Ballard, a graduate of the second section of Henry Ford Hospital’s first nursing class, had early experience in the hospital and in a rural area of Ohio. When her husband’s illness necessitated a move to Florida, she wanted to work for a registered diagnostic clinic.  The American Medical Association told her that Watson was the only one nearby.  ‘When I went in to find six doctors, I was flabbergasted,’ she recalls.  She accepted a job with Dr. W. P. Logan and Dr. Herman Watson.  They made house calls in the morning and again at night.  Ballard still makes them, to give several older patients their shots.

In addition to standard health checks, the doctors and their nurse were responsible for electrocardiograms.  The EKG machine came with a 50 – pound battery that had to be carried to homes and the hospital. Watson Clinic was in the Marble Arcade when Ballard began work there on June 1, 1946.  The clinic moved into an annex of the Thelma Hotel across the street a few years later, and then to its current location on Lakeland Hills Boulevard, Ballard said. Now there are more than 100 doctors, satellite clinics and plans for more growth. Those numbers don’t faze her, Ballard said, because the hospital where she trained had 250 doctors.

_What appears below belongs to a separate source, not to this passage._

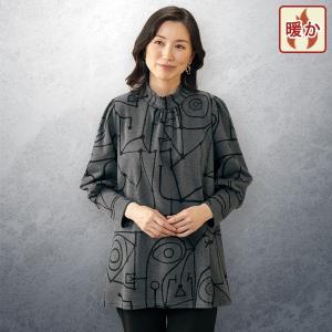 プルオーバー トップス レディース おしゃれ 秋冬 ミセス シニア ファッション 40代 50代 60代 70代 80代 エアロウォーム プリントロングプルオーバー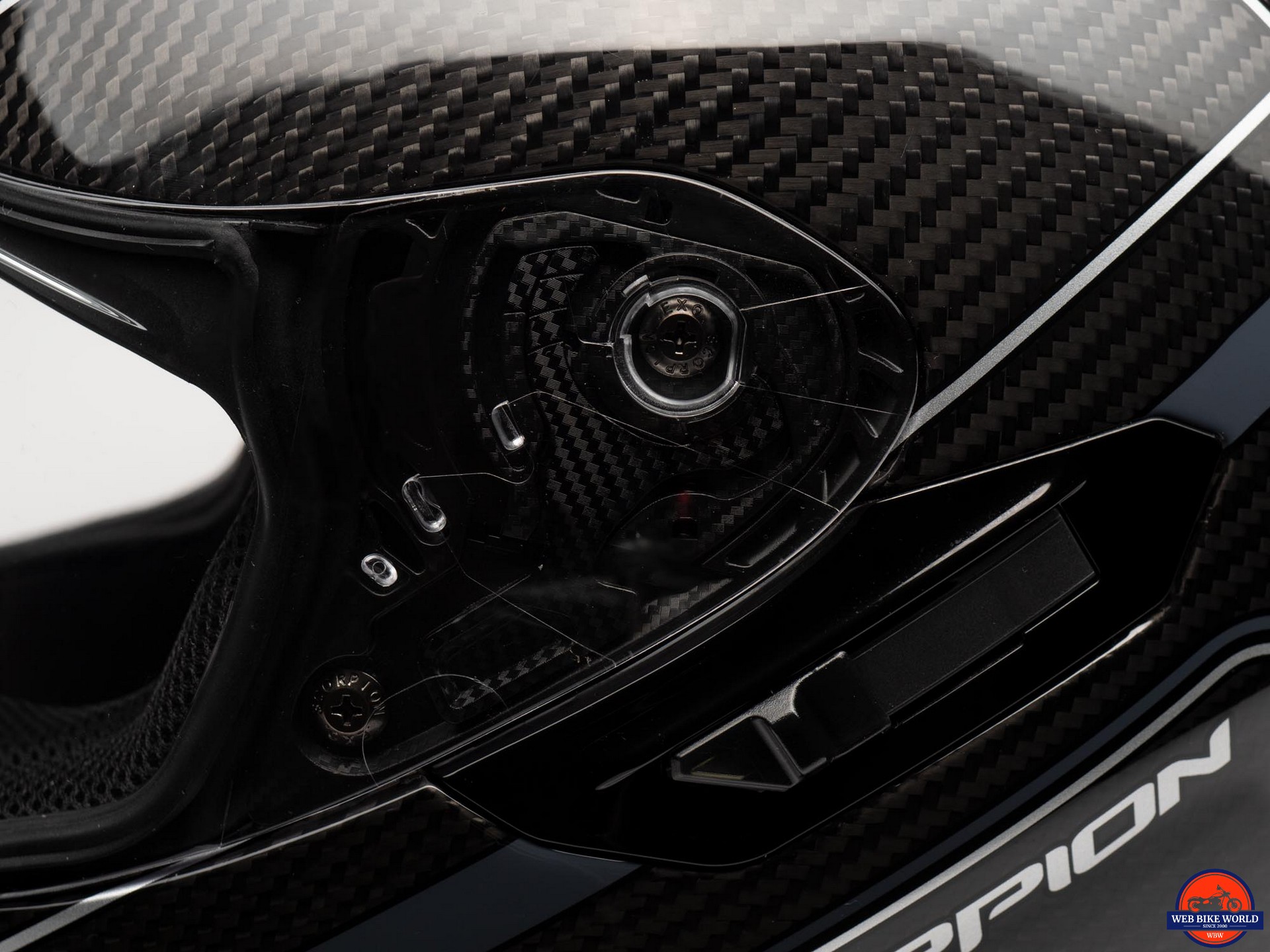 Sealing of the main visor appears to be solid and testing with some water being poured over the visor top bears this out. Scorpion uses an elliptical cam setup (Ellip-Tec® II) that makes the visor snug up against the gasket as it closes.

Ballard has been responsible since the early 1960s for linens, some sewing, magazine subscriptions, housekeeping of the lobbies and other chores that make the clinic run smoothly.  She preserves numerous photo albums, which she began filling more that 30 years ago, that show the clinic’s history.[8]

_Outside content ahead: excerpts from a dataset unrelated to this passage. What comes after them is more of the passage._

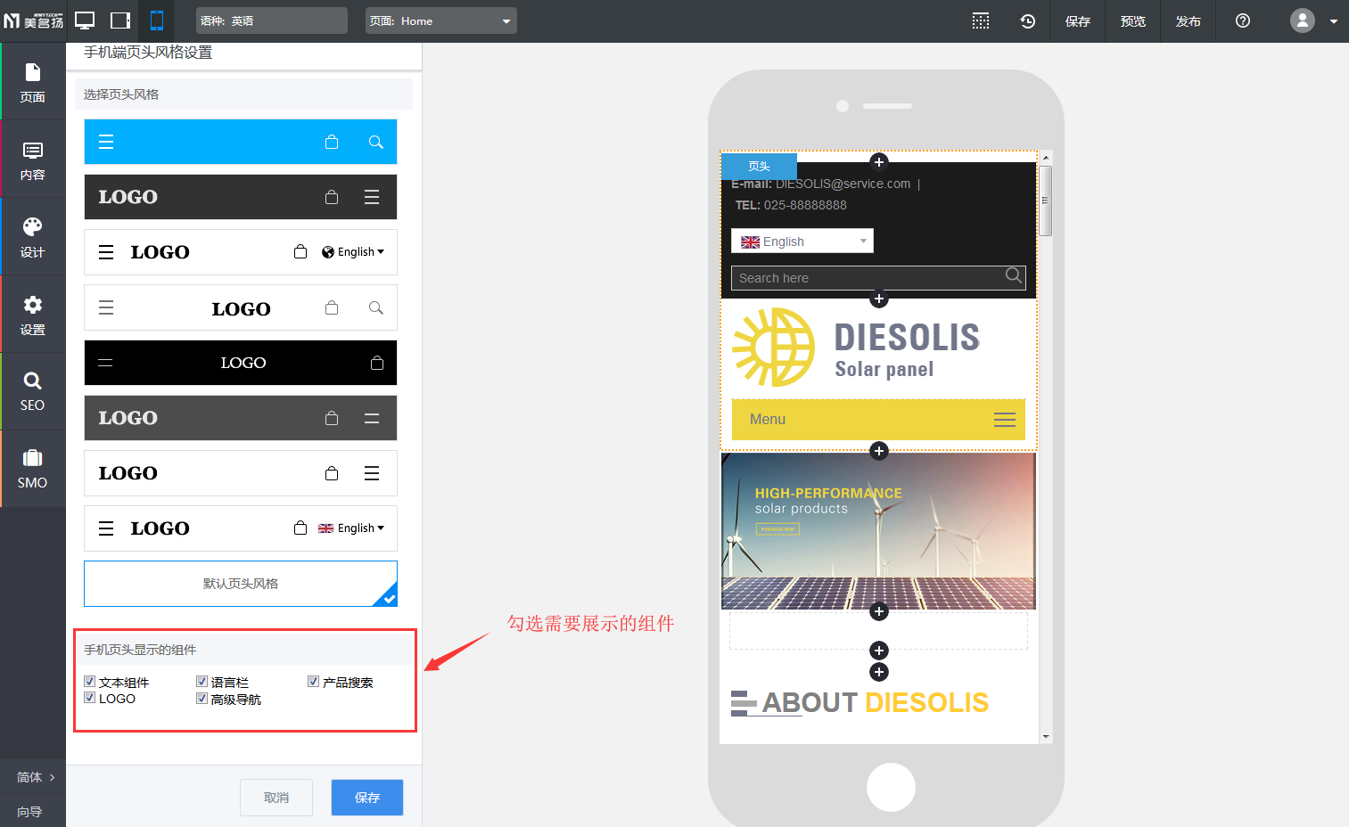 【应用场景】用户需要对手机端网站的页头内容进行调整时,可以在默认页头风格下勾选需要显示的组件,满足用户对于页头展示内容的需求,在页头过于简约和页头全部展示之间找到一个平衡点。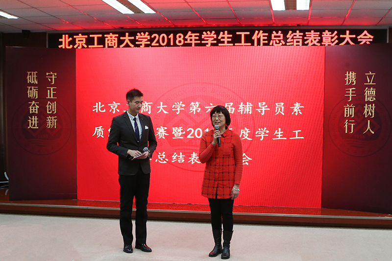 1月22日,学校第六届辅导员素质能力大赛暨年度学生工作表彰大会在阜成路校区拉开帷幕。校党委副书记张德玉,副校长李朝鲜、张耘、郑文红,党委副书记董竹娟出席活动。北京高校思想政治工作研究中心办公室常务副主任屈晓婷、北京师范大学学生工作部副部长、原教育部辅导员培训基地执行副主任王显芳,学校各职能部门、学院党政领导应邀担任大赛评委。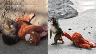 सोशल मीडिया पर छाया नन्हा बंदर 'पंच': मां ने त्यागा तो खिलौने से लगाया गले (फोटो- एक्स)
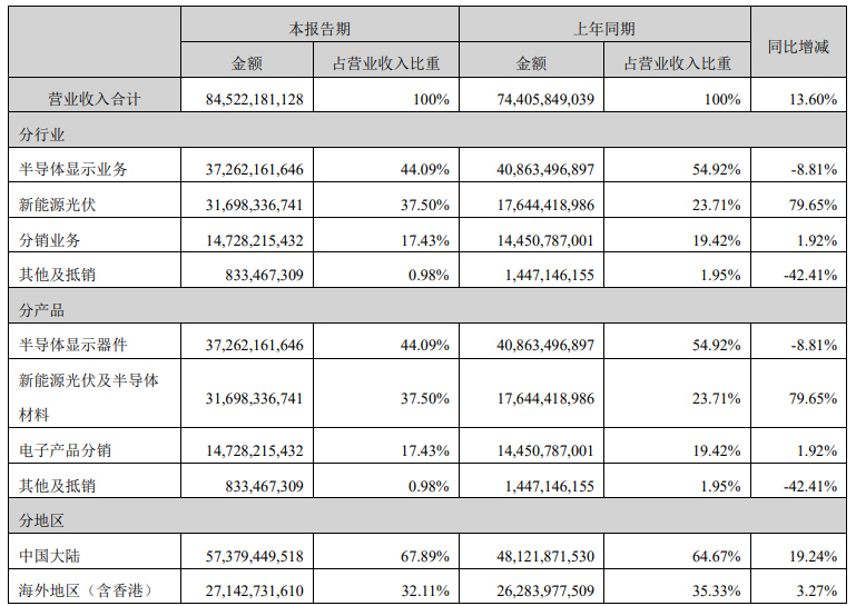 据报告显示,TCL的业务框架分为半导体显示、新能源光伏及半导体材料、产业金融与其他四大部分。其中,2022上半年,半导体显示业务实现营收372.6亿元,新能源光伏及半导体材料实现营收316.9亿元,分销业务实现营收147.2亿元,其他业务实现营收8.33亿元。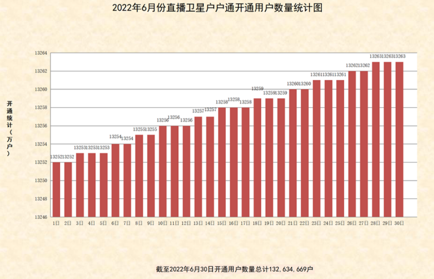 7月4日,国家广播电视总局卫星直播中心公示了2022年6月份直播卫星户户通开通用户数量统计图。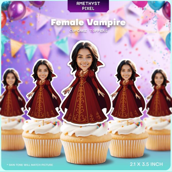 Personalized Vampiress Cupcake Toppers with Custom Face – Gothic Red Gown Theme

    Vera (Mark) Ballard died in on 8 June 1995 in Tampa, Florida where she had been in a nursing home for a long time.  She was 89 years old.  She is buried in Florida.[9]

[1]Record of Birth for Vera Victoria Mark, 27 July 1905, Probate Court for Medina County, Ohio. 

[2]1920 U. S. Census, Medina County, Ohio; Volume 147, ED 67, Sheet 5, Line 37, Family History Center Microfilm # 1821417: Thomas K. Mark, Head of Household.

[3]Marriage Certificate for Vera Mark and Robert E. Ballard, 26 May 1933, Certificate # 40, Medina County Probate Court, Medina, Ohio.

[4]“Interviews with Delbert K. Brown.”

[5]“Interviews with Wava Mark Braun”.

[6]“Interviews with Harold Jay Nee.”

[7]“Interviews with Wava Mark Braun”.

[8]The Ledger (Florida) c. 1987, newspaper clipping, photocopy in possession of Colleen G. Brown Pasquale.  “Registered Nurse. Vera Ballard proud of her profession, puts calling before pleasure.”

[9]Certificate of Death for Vera V. Ballard, 8 June 1995, Certificate #69832, State of Florida, Office of Vital Statistics, Florida.

The above story of Vera was taken from my book,

The Mark Family Story.


  1. Such a great article about a very special person. I know you are beaming with admiration for a very special Great Aunt and her achievements. 

  2. Vera sounds like a really special lady. And such a dedicated nurse!

  3. Thanks for your kind comments. I wish I had know my aunt better.